Serendipity came to me in the form of a muse. I met someone for the first time who had ADHD and openly talked about it. I kept thinking that I resemble this person... interesting. one day, after a meltdown during finals week, I found myself in the counseling center at school in this wierd confused emotional state. I blurted out the words, "I may have ADHD because...." He tested me for ADHD and suggested I see a psychiatrist.
Today I'm on ADHD meds, and see a remarkable difference. There are cons to the meds as your body adjusts to the right dosages. I'm more stable, and I can actually complete all tasks I set out to do. I can safely say that I feel as mentally capable as my other classmates! This was something I never may have been able to say a year ago without tears.

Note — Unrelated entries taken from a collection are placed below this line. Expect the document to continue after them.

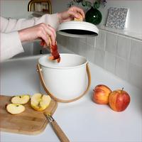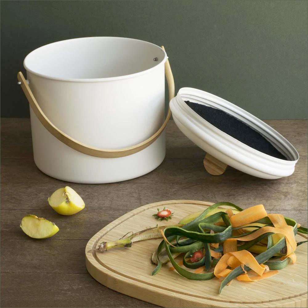 Made of steel, with a bamboo handle, this compost bin features an airtight lid to keep bugs out and a charcoal filter to control odors. The filter can be washed in cool water and re-used. The Pebbly compost bin measures 8.7” in diameter and 7.1” high.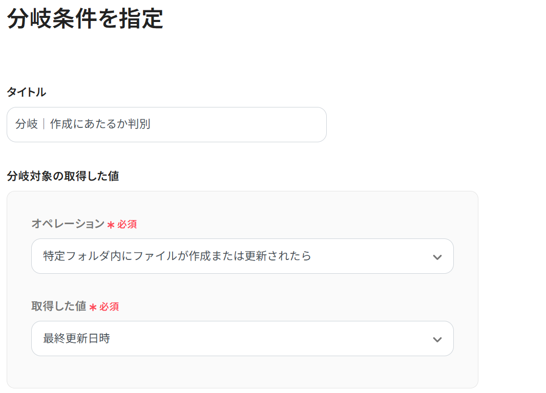 まず「分岐対象の取得した値」を設定します。オペレーションは「特定フォルダ内にファイルが作成または更新されたら」のままでOKです。 取得した値の欄には、プルダウンから「最終更新日時」を選択しましょう。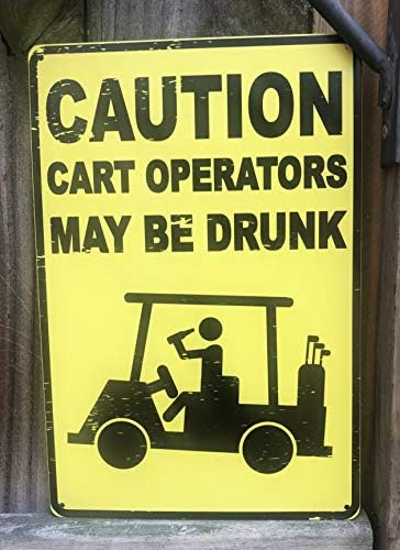 Caution Cart Operators May Be Drunk 12″ x 8″ Funny Tin Sign Golf Accessory Clubhouse Decor Man Cave Sports Bar Wall Art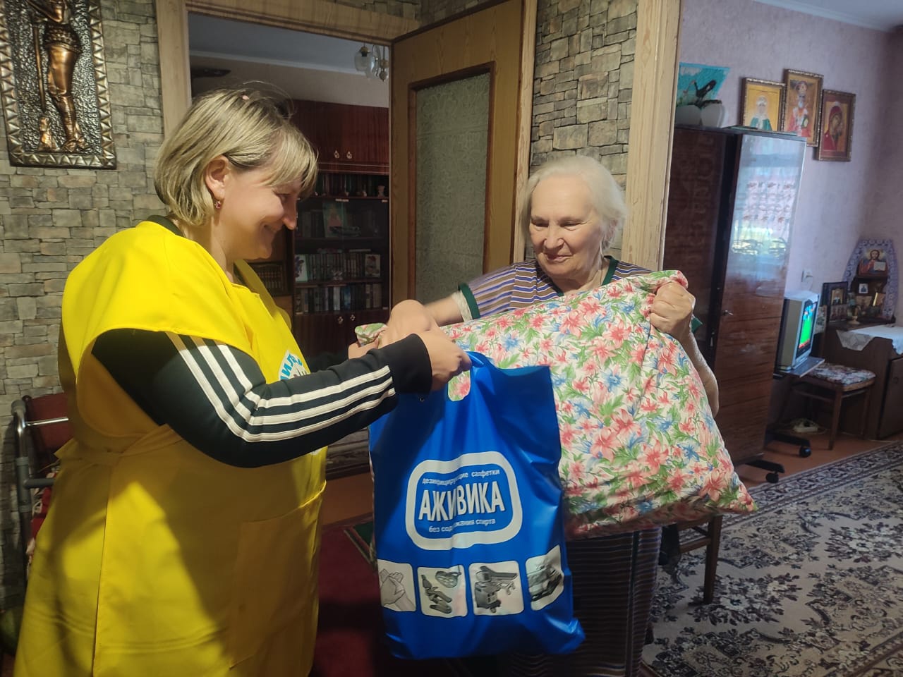 1 октября – Международный день пожилого человека. В этот день волонтеры «Милосердие — Людиново» социальной службы при Казанском соборе города Людиново (руководитель Елена Васильевна Коношенко) тоже не остались в стороне. Ко дню пожилого человека провели акции внимания: навещали бабушек и дедушек, приносили подарки одиноким пожилым людям. Радует, что подушки, подаренные пожилым людям к празднику, были изготовлены с любовью и заботой швейным волонтерским подразделением «Милосердие-Людиново». Праздничные подарки были переданы пенсионерам Центра социального обслуживания, членам Всероссийского общества инвалидов и Всероссийского общества слепых города Людиново, в том числе жителям Жиздринского района, пожилым прихожанам Казанского собора и Лазаревского храма. Во все времена самым важным было и остается внимание и забота о близких людях! Но в этот день стоит не только вспомнить о тех, кто подарил жизнь лично нам, но и поблагодарить всех пожилых людей. Давайте сегодня поздравим не только наших родных, но и тех, кто окружает нас: соседей по подъезду, дому, двору! Пусть им станет тепло на душе от внимания и добрых слов! С праздником, с пожеланием самого главного в этот день – крепкого здоровья и самых радостных дней. Пусть ваша жизнь будет наполнена активными и яркими событиями, а наша любовь и забота будут всегда рядом с вами!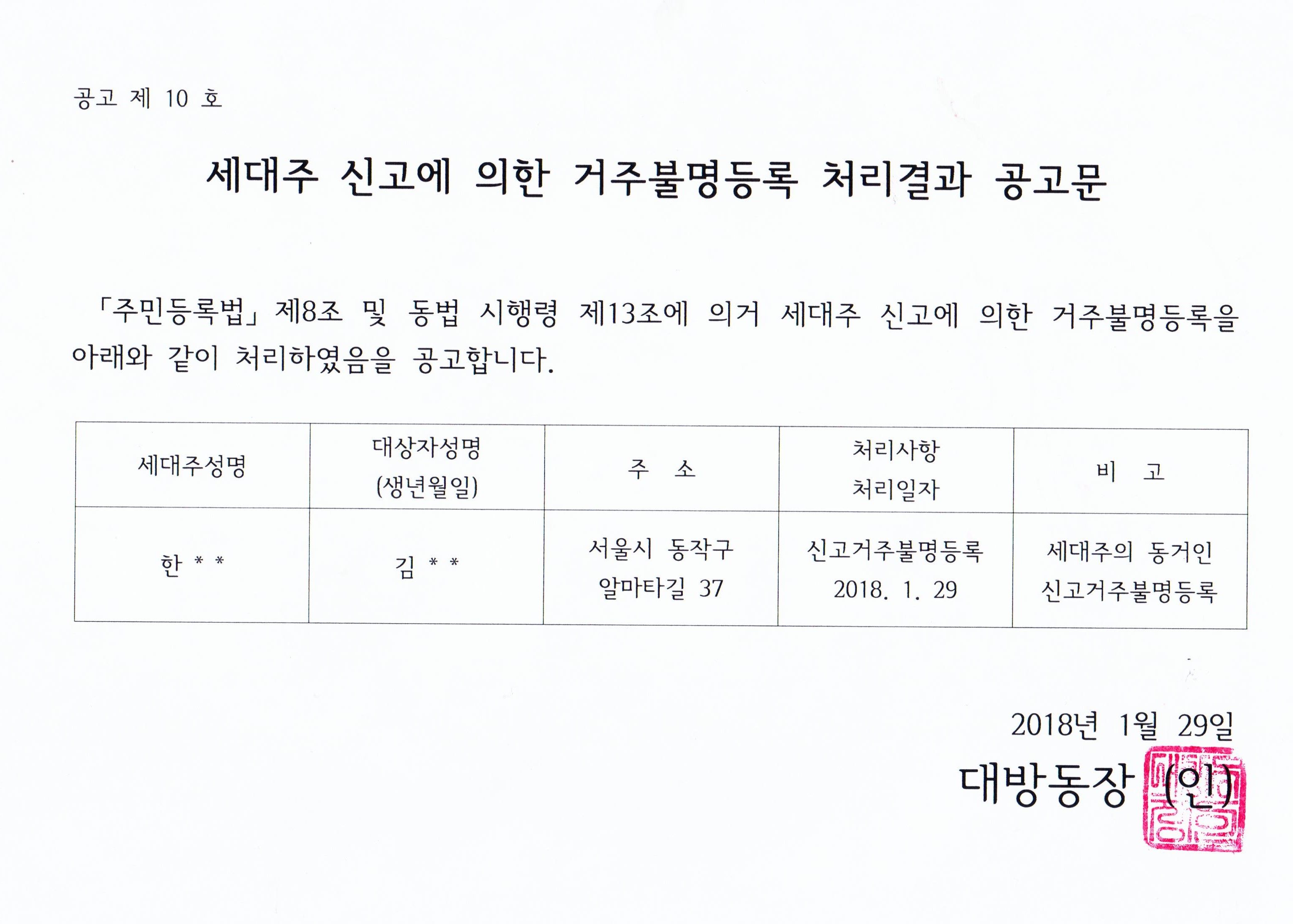 세대주가 거주불명등록 신고한 자에 대하여 처리결과를 붙임과 같이 공고합니다.1. 공고일자 : 2018. 1. 292. 공고기간 : 2018. 1. 29 ~ 2. 123. 공고대상 : 김 * *(78.06.07)4. 공고장소 : 동 주민센터 게시판 및 인터넷 홈페이지 게재

The point of the story? It's never too late to get help and to live your life. ADHD doesn't make you dumb, although there is a lot of past conditioning to un do if you've felt dumb. Society had set it's cookie cutter notion of "normal". ADHD brains work differently thats all! Less dopamine to the frontal brain. The pros of an ADHD brain? I am creative 24/7, and at wierd late night hours when it sometimes wakes me up. This is the very brain that I struggled with.